The club remained a top team in the league despite this disappointment, coming third, second and second in the following three seasons. After lesser performances in 1963 and 1964, the club came second once more in 1964–65. Because the league's champions, the second team of Karlsruher SC, was ineligible for promotion, VfR took part in it instead and succeeded.

In its sole season in the tier-two Regionalliga Süd, 1965–66, the club was heavily outclassed and came last with only eleven points to its name, 122 goals against and a 16-point gap to the second-last SpVgg Weiden.

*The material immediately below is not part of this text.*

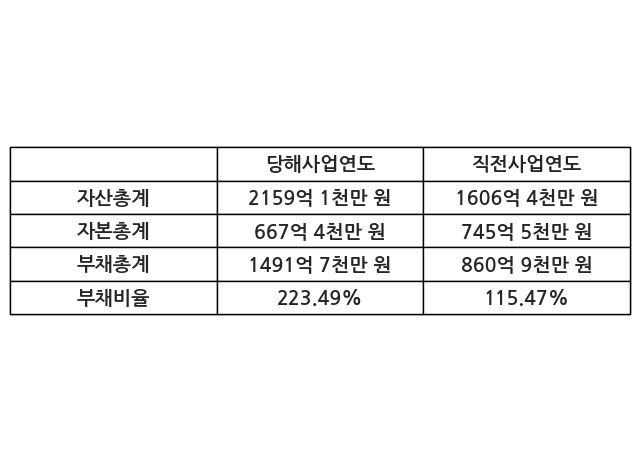 또한, 이번사업연도의 자산총계는 2159억 1천만 원으로 직전사업연도 대비 34.41% 증가한 한편, 부채총계는 1491억 7천만 원으로 73.27% 증가, 자본총계는 667억 4천만 원으로 -10.48% 감소했다.

Back in the Amateurliga the following season, the team finished fourth and continued to archive upper-table finishes in the coming years. In 1974 however, VfR came second-last and was relegated to the 2. Amateurliga once more. Like in the past, it won its local division but failed to gain promotion when it lost to VfB Bretten in the promotion round. The year after, it was more successful and regained its Amateurliga Nordbaden status. Also, in 1975–76 and 1976–77, it took part in the German Cup, exiting both times in the first round.

A reorganisation of German football in 1978 meant, that the Oberliga Baden-Württemberg became the new third tier of football in the region. The Amateurliga was renamed Verbandsliga Nordbaden and slipped to fourth tier. VfR had to finish in the top five of its league in 1977–78 to qualify for the new Oberliga but, coming eighth, was grouped in the Verbandsliga instead.

===1978 to 1995===
The club became a fixture in the Verbandsliga until 1987, when it was relegated to the tier-five Landesliga Nordbaden-Staffel 3. It spent the next two seasons at this level, earning promotion in 1989. After this, the club's ambitions almost ruined it. After three seasons in the Verbandsliga, it took out the league title there in 1992 and was promoted to the Oberliga. After a difficult first year, it performed well in the 1993–94 season, coming fifth. The season after saw it finish second in the league and earning the right to compete in the promotion round to the tier-three Regionalliga Süd. The club managed to beat SpVgg Bayreuth 4–0 but then lost 1–3 to Eintracht Frankfurt Amateure, ending all dreams.

===1995 onwards===
The club's finances were in a disastrous state and it had to withdraw from the Oberliga, taking up the place of its reserve team in the Bezirksliga (VII) instead. It lost all its first team players and all but four of its second team. Despite this difficult situation, it archived a ninth place in its league in 1995–96 and unexpectedly avoided relegation.

The club suffered relegation from the Landesliga (VI) in 2008, dropping to the Kreisliga Pforzheim. Because of the introduction of the 3. Liga, this meant, it fell from tier six to tier eight.

==Honours==
The club's honours:
- Landesliga Nordbaden (Southern Division) (II)
  - Champions: 1948
- Amateurliga Nordbaden (III)
  - Champions: 1959
- Verbandsliga Nordbaden (IV)
  - Champions: 1992
- 2. Amateurliga Mittelbaden (IV)
  - Champions: 1953, 1956, 1975, 1977
- Landesliga Nordbaden-Staffel 3 (V)
  - Champions: 1989

==Recent seasons==
The recent season-by-season performance of the club:

| Season | Division | Tier | Position |
| 2002–03 | Landesliga Mittelbaden | VI | 3rd |
| 2003–04 | Landesliga Mittelbaden | 7th |
| 2004–05 | Landesliga Mittelbaden | 9th |
| 2005–06 | Landesliga Mittelbaden | 6th |
| 2006–07 | Landesliga Mittelbaden | 9th |
| 2007–08 | Landesliga Mittelbaden | 15th ↓ |
| 2008–09 | Kreisliga Pforzheim | VIII | 3rd |
| 2009–10 | Kreisliga Pforzheim | 2nd |

- With the introduction of the Regionalligas in 1994 and the 3. Liga in 2008 as the new third tier, below the 2. Bundesliga, all leagues below dropped one tier.